Skolkovo Institute of Science and Technology, Moscow 121205, Russia.
A.A. Kharkevich Institute for Information Transmission Problems, Moscow 127051, Russia.
Int J Mol Sci. 2023 Jun 28;24(13):10761. doi: 10.3390/ijms241310761.
The importance of 3D protein structure in proteolytic processing is well known. However, despite the plethora of existing methods for predicting proteolytic sites, only a few of them utilize the structural features of potential substrates as predictors. Moreover, to our knowledge, there is currently no method available for predicting the structural susceptibility of protein regions to proteolysis. We developed such a method using data from CutDB, a database that contains experimentally verified proteolytic events. For prediction, we utilized structural features that have been shown to influence proteolysis in earlier studies, such as solvent accessibility, secondary structure, and temperature factor.

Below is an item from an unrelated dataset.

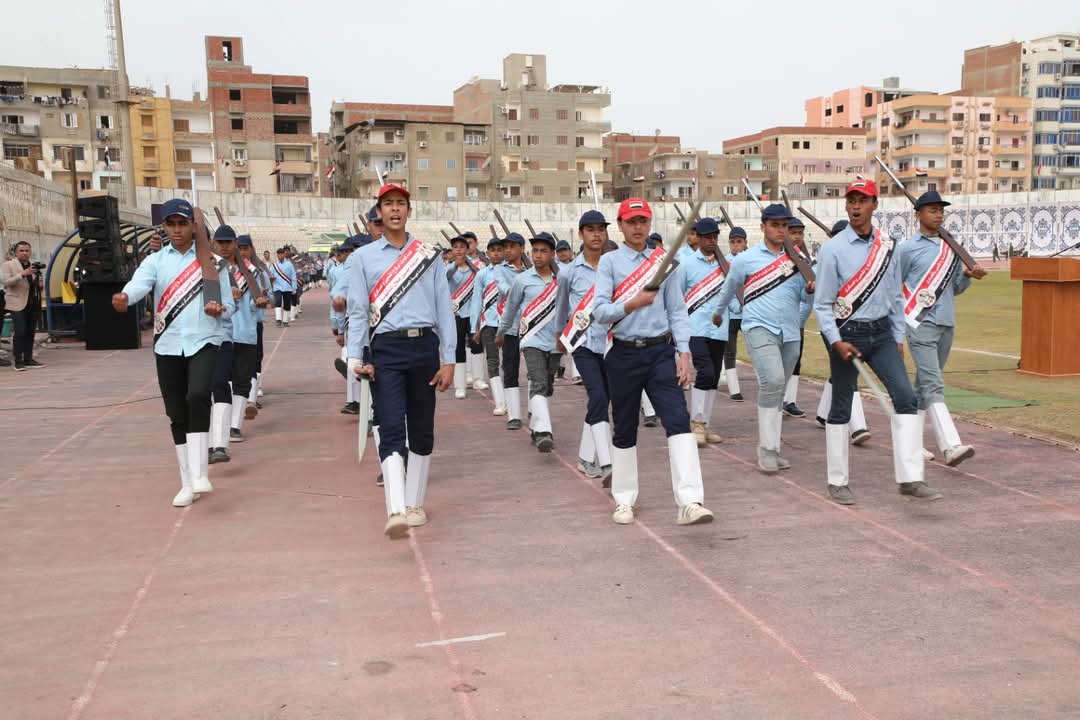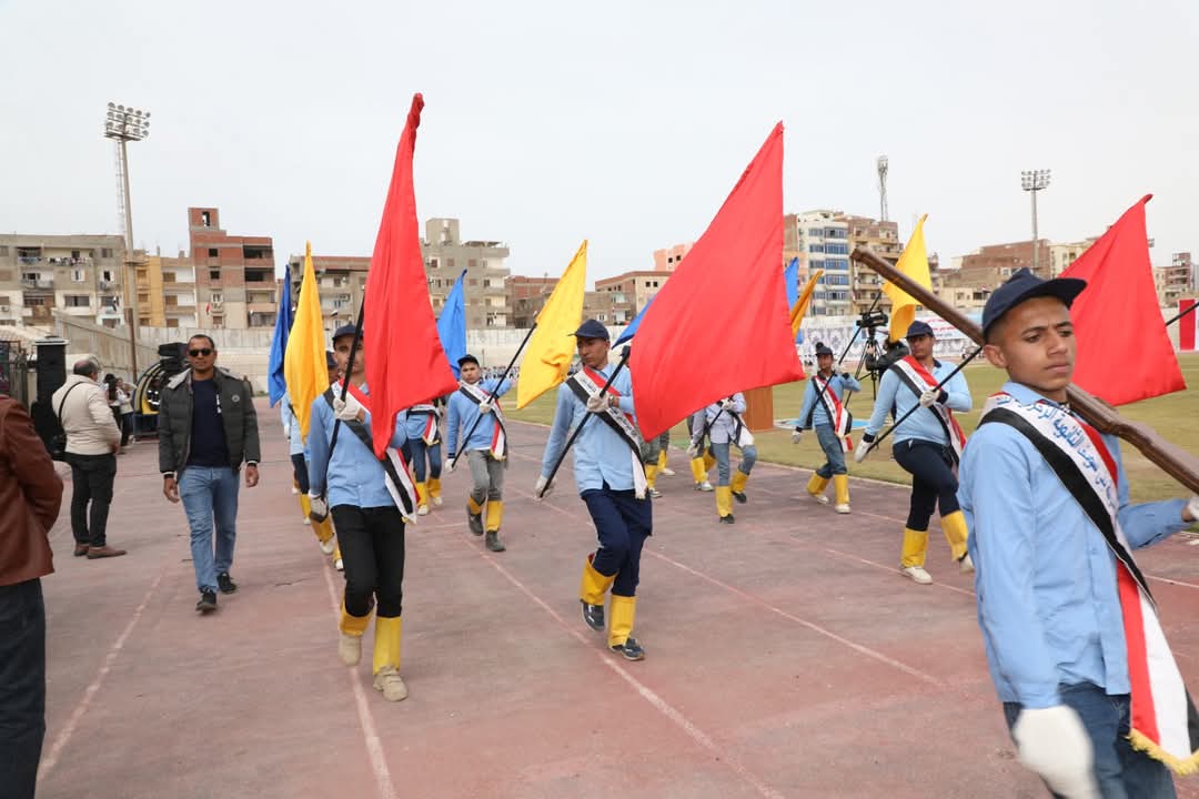 كما شهد الحضور طابور عرض مميزًا، شارك فيه طلاب المدارس والمعاهد الأزهرية، مقدمين نماذج مجسمة جسدت أشهر المعالم الأثرية والمشروعات القومية في كل مركز من مراكز المحافظة، ومن أبرز تلك المجسمات؛ نموذج الطائرة ميج 21، التي شاركت في حرب أكتوبر، وتم وضعها في ميدان العبور، مجسم تمثال العبور، الذي نحته الفنان جمال السجيني، نموذج لهرم ميدوم، أحد مكونات شعار المحافظة.

Additionally, we introduced new structural features, including length of protruded loops and flexibility of protein termini. To maximize the prediction quality of the method, we carefully curated the training set, selected an appropriate machine learning method, and sampled negative examples to determine the optimal positive-to-negative class size ratio. We demonstrated that combining our method with models of protease primary specificity can outperform existing bioinformatics methods for the prediction of proteolytic sites. We also discussed the possibility of utilizing this method for bioinformatics prediction of other post-translational modifications.
三维蛋白质结构在蛋白水解加工中的重要性是众所周知的。然而,尽管有大量现有的预测蛋白水解位点的方法,但只有少数方法将潜在底物的结构特征用作预测因子。此外,据我们所知,目前还没有方法可用于预测蛋白质区域对蛋白水解的结构易感性。我们使用 CutDB 数据库中的实验验证的蛋白水解事件数据开发了这样一种方法。对于预测,我们利用了在早期研究中已被证明会影响蛋白水解的结构特征,如溶剂可及性、二级结构和温度因子。此外,我们引入了新的结构特征,包括突出环的长度和蛋白末端的柔韧性。为了最大限度地提高该方法的预测质量,我们仔细编辑了训练集,选择了合适的机器学习方法,并对负例进行了采样,以确定最佳的正例与负例类别大小比。我们证明,将我们的方法与蛋白酶主要特异性模型结合使用,可以优于现有的生物信息学方法,用于预测蛋白水解位点。我们还讨论了利用该方法进行其他翻译后修饰的生物信息学预测的可能性。